Curiosamente, a gravidade reduzida da Lua pode até ser vantajosa. “Um dos grandes desafios da impressão 3D em grande escala é a deformação das camadas espessas e pesadas”, explica Kazemian. “Mas a menor gravidade pode ajudar a evitar esse problema.”

A tecnologia foi recentemente transferida para o Marshall Space Flight Center da NASA, no Alabama, onde será integrada em sistemas robóticos de maior escala e testada em câmaras de vácuo maiores. Caso seja adotado, o betão será provavelmente usado em estruturas lunares mais altas, como habitats e escudos contra radiação. Estruturas mais planas, como plataformas de aterragem, poderão usar tecnologias baseadas em laser para fundir o solo lunar e criar cerâmica.

Ainda assim, alguns desafios só poderão ser resolvidos fora da Terra. Philip Metzger, físico planetário da Universidade Central da Florida e antigo colaborador do Centro Espacial Kennedy da NASA, destaca que o solo real pode diferir do solo simulado. “Há uma química específica nas amostras reais que os simuladores não conseguem reproduzir com precisão”, afirma. “Só ao testarmos diretamente no terreno é que poderemos ajustar a tecnologia para funcionar nas condições reais.”

Apesar disso, Metzger vê o betão à base de enxofre como essencial para projetos planetários futuros. Em Marte, por exemplo, poderia ser usado para construir estradas que ligassem locais de mineração de gelo a habitats, ou para pavimentar zonas de trabalho livres de poeira.

Este material pode também beneficiar a construção na Terra. Kazemian acredita que o betão pode ser uma alternativa em regiões com escassez de água ou excesso de enxofre, como certas zonas do Médio Oriente, onde o enxofre é abundante devido à produção de petróleo e gás.
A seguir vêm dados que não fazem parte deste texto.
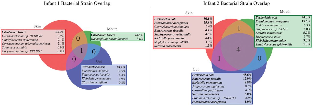 Identical bacterial strains colonize multiple body sites of premature infants. Microbes were considered colonists of a body site if they make up >1% of a community. All colonists of each site are shown, along with the total percentage of the community they make up across all sampling events. Colonists of multiple sites are shown in bold.

Além disso, Metzger sugere que a tecnologia poderia ser útil em áreas afetadas por desastres, onde cadeias de fornecimento estão interrompidas, ou em aplicações militares para a construção rápida de infraestruturas. “É ideal para quem trabalha noutro planeta, sem grande apoio logístico”, conclui Metzger. “Mas há muitos paralelos que podem ser explorados aqui na Terra.”